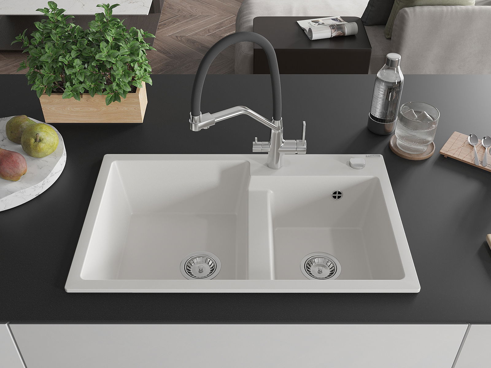 Mexen Tomas Granit-Spullsteen mat 2 Kummer mat Kichekraan Duo, wäiss - 6516-20-671701-07
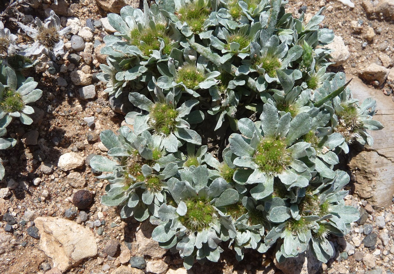 1−5 cm hohe Einjährige mit filzig behaarten, graugrünen, spatelförmigen, zu einer Rosette geformten Blättern und büschelig zusammenstehender Blütenkörbe. Blüten aus 30−40 grünen bis beigen Hüllblättern und unscheinbaren Röhrenblüten bestehend. Blütezeit April bis Juni.
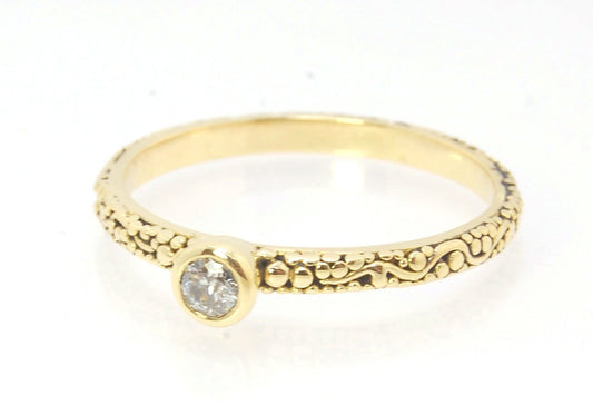 Twining Band Diamond Solitaire Ring in 18k Granulation
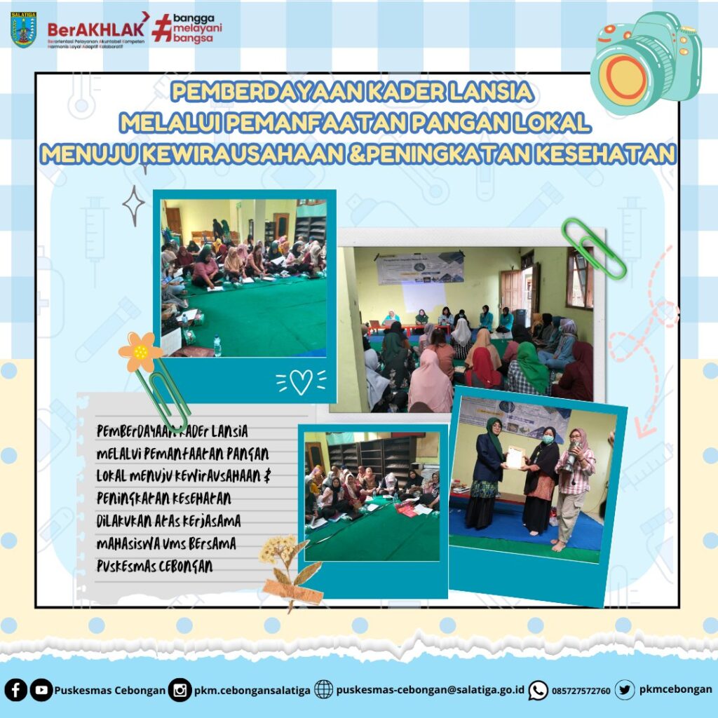 Pemberdayaan kader lansia melalui pemanfaatan pangan lokal menuju kewirausahaan & peningkatan kesehatan dilakukan atas kerjasama mahasiswa UMS dengan Puskesmas Cebongan. Kegiatan dilaksanakan di Madin Masjid Al Ghozali Noborejo.
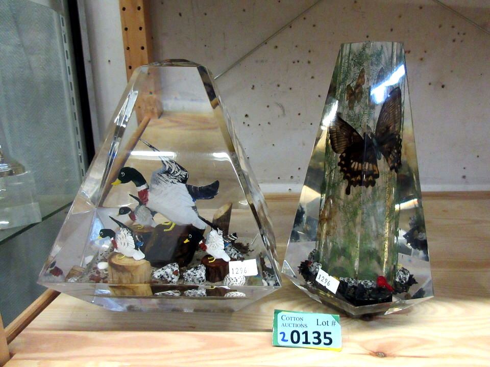 Ducks in Acrylic measure 10" tall and 7" x 7" at the base.

Goal of the exercise
Give back every line of the material exactly as written, but not the pictures.

Result of the task
 Mexen Tomas Granit-Spullsteen mat 2 Kummer mat Kichekraan Duo, wäiss - 6516-20-671701-07
 1−5 cm hohe Einjährige mit filzig behaarten, graugrünen, spatelförmigen, zu einer Rosette geformten Blättern und büschelig zusammenstehender Blütenkörbe. Blüten aus 30−40 grünen bis beigen Hüllblättern und unscheinbaren Röhrenblüten bestehend. Blütezeit April bis Juni.
 Twining Band Diamond Solitaire Ring in 18k Granulation
 Pemberdayaan kader lansia melalui pemanfaatan pangan lokal menuju kewirausahaan & peningkatan kesehatan dilakukan atas kerjasama mahasiswa UMS dengan Puskesmas Cebongan. Kegiatan dilaksanakan di Madin Masjid Al Ghozali Noborejo.
 Ducks in Acrylic measure 10" tall and 7" x 7" at the base.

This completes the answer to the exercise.